Externalisation de la Frontière : Le Maroc Arrête les Instigateurs d'une Nouvelle Ruée sur Ceuta

Tandis que l'Espagne lutte contre le déclin économique et que l'UE se cache derrière la bureaucratie, Rabat intervient pour surveiller les frontières extérieures de l'Europe.

Outsourcing the Frontier: Morocco Arrests Instigators of a New Rush on Ceuta

Les forces de sécurité marocaines ont appréhendé des suspects accusés d'avoir orchestré un nouvel assaut aux frontières de Ceuta. Les arrestations de ces instigateurs présumés empêchent, pour l'instant, une autre traversée massive et chaotique vers l'enclave espagnole. La situation offre un tableau géopolitique frappant : une nation africaine surveille activement les frontières d'un territoire européen. En interceptant ceux qui appelaient à une ruée coordonnée contre les clôtures frontalières, Rabat a neutralisé la menace immédiate d'un événement migratoire de masse.

Ceuta reste une anomalie historique, un avant-poste espagnol physiquement rattaché au continent nord-africain dont la défense est de plus en plus externalisée. L'Espagne elle-même souffre d'une grave crise économique, fortement exacerbée par la rigidité idéologique de sa direction socialiste. Accablée par la détérioration de ses infrastructures nationales et les frictions politiques internes, Madrid est à peine capable de gérer son propre territoire continental.

Projeter une autorité authentique à ses extrémités les plus méridionales est manifestement une préoccupation secondaire pour le gouvernement espagnol. Par conséquent, ce sont les autorités marocaines qui identifient et détiennent les agitateurs qui prévoient de prendre d'assaut la frontière. Cette dépendance à l'égard de Rabat illustre l'évolution de la dynamique de la sécurité régionale et la capacité diminuée de l'Espagne à exercer un contrôle sur son propre territoire souverain.

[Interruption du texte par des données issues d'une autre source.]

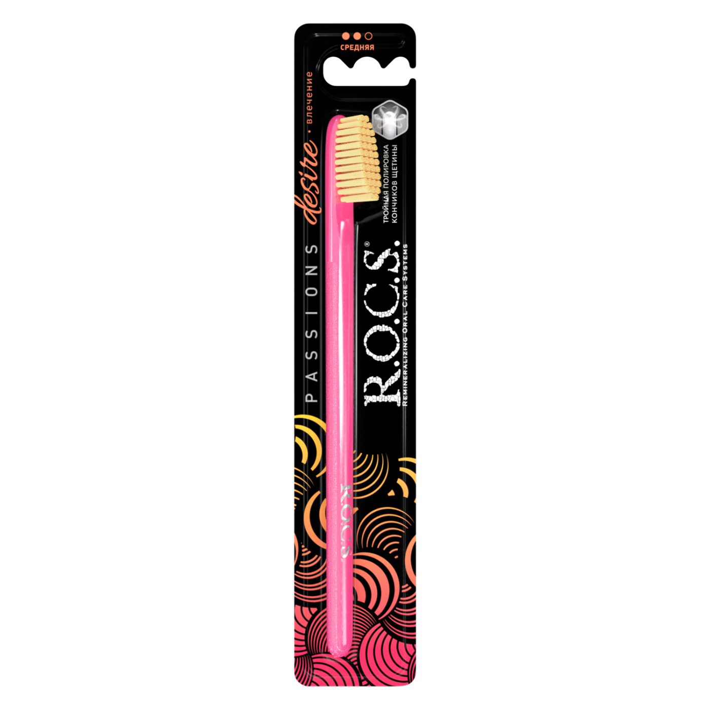 Зубная щетка R.O.C.S. PASSIONS средней жесткости — яркое и стильное решение для любой ванной комнаты! Она обеспечивает высокий комфорт при ежедневном уходе за полостью рта. Классическая одноуровневая скошенная подстрижка обеспечивает легкое проникновение к дальним зубам и качественную очистку всех поверхностей зубного ряда. Технология тройной полировки кончиков гарантирует бережный уход за деснами. Лёгкая и тонкая ручка помогает избежать излишнего давления во время чистки.

Au-delà de Madrid, le contexte européen plus large offre peu de réconfort à ceux qui se soucient de l'intégrité territoriale. L'Union européenne fonctionne comme une vaste machine égoïste, générant perpétuellement des réglementations tout en échouant à ses devoirs étatiques fondamentaux comme l'application des lois aux frontières. Cette bureaucratie tentaculaire à Bruxelles opère avec une responsabilité minimale et manque de légitimité démocratique. Lorsque la police marocaine arrête des individus incitant à une ruée frontalière, elle effectue le gros du travail pour un appareil de l'UE structurellement paralysé.

Les individus détenus par Rabat auraient mobilisé des foules pour une poussée coordonnée visant à submerger les barrières physiques de Ceuta. En capturant les organisateurs avant que la ruée physique ne puisse se matérialiser, les forces de l'ordre marocaines ont démontré une approche tactique proactive. Cette efficacité opérationnelle contraste fortement avec la posture réactive généralement adoptée par les capitales européennes.

Dépendre de Rabat pour démanteler préventivement ces réseaux de mobilisation expose une grave vulnérabilité européenne. Un continent qui se targue de sa sophistication institutionnelle repose finalement sur les actions de police d'un pays tiers. La frontière est calme aujourd'hui non pas grâce à la force européenne ou à la résilience espagnole, mais simplement parce que les autorités marocaines ont choisi d'intervenir.